Plusieurs penseurs de la technologie (Ellul, Heidegger, Arendt, Jonas, etc.) avaient aperçu ces périls en nous indiquant que ce qui pointe ultimement derrière la toute-puissance technique et notre fascination pour elle est un oubli fondamental de l’Être, une dissolution progressive de la Nature désormais purement objectivée réduite à un simple décor, à un réservoir de stock à extraire au plus vite afin d’éviter que les bourses folles du monde ne s’enfoncent davantage. Tout se passe en fait comme si un système idéologique impersonnel, muni d’un arsenal propagandiste sans pareil dans l’histoire de l’humanité, s’employait à travers un divertissement abrutissant à nous extraire du monde réel, qui s’offre pourtant à la contemplation désintéressée et à la découverte gratuite.

À l’heure de la sixième extinction massive, au moment même où les bélugas du Saint-Laurent lancent leur chant du cygne, pendant qu’une grande partie des espèces sauvages glisse chaque jour vers le néant et à l’instant où l’époque bascule dangereusement sur le plan politique, il est plus que temps de redevenir présent au monde. Au lieu de cela, nous nous laissons hameçonner par toute une industrie qui fait de nous – l’espèce soit disant le nec plus ultra de l’évolution – ses pantins écervelés, inconscients du grand effondrement qui s’amorce sous nos yeux.

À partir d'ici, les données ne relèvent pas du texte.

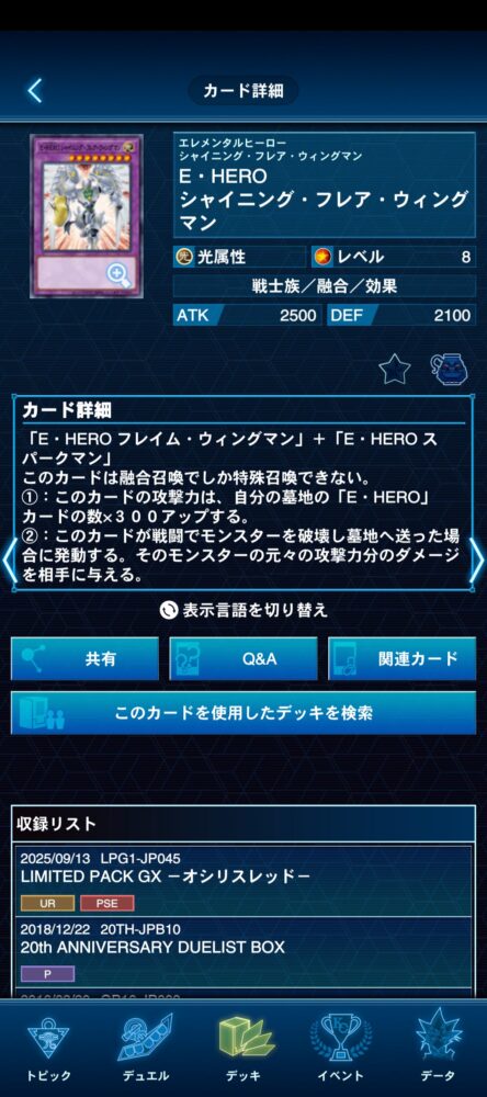 そして、『超融合』との相性に優れ、ドロー効果と「フェイバリット」の名を携えた『E・HERO シャイニング・フレア・ウィングマン』、

La réflexion fondamentale et la révolution intérieure auxquelles nous sommes conviés de toute urgence pour la suite du monde est donc la suivante : serons-nous entraînés à nos dépens et à nos corps défendant vers l’avènement d’un nouveau paradigme technologique aliénant et totalitaire? Assisterons-nous, impuissants, à l’échec total de notre civilisation ou aurons-nous au contraire le courage et la clairvoyance de nous « réenraciner » de manière mesurée et humaine dans le seul espace habitable pour tous, et cela évidemment, sans le secours d’aucun Pikachu?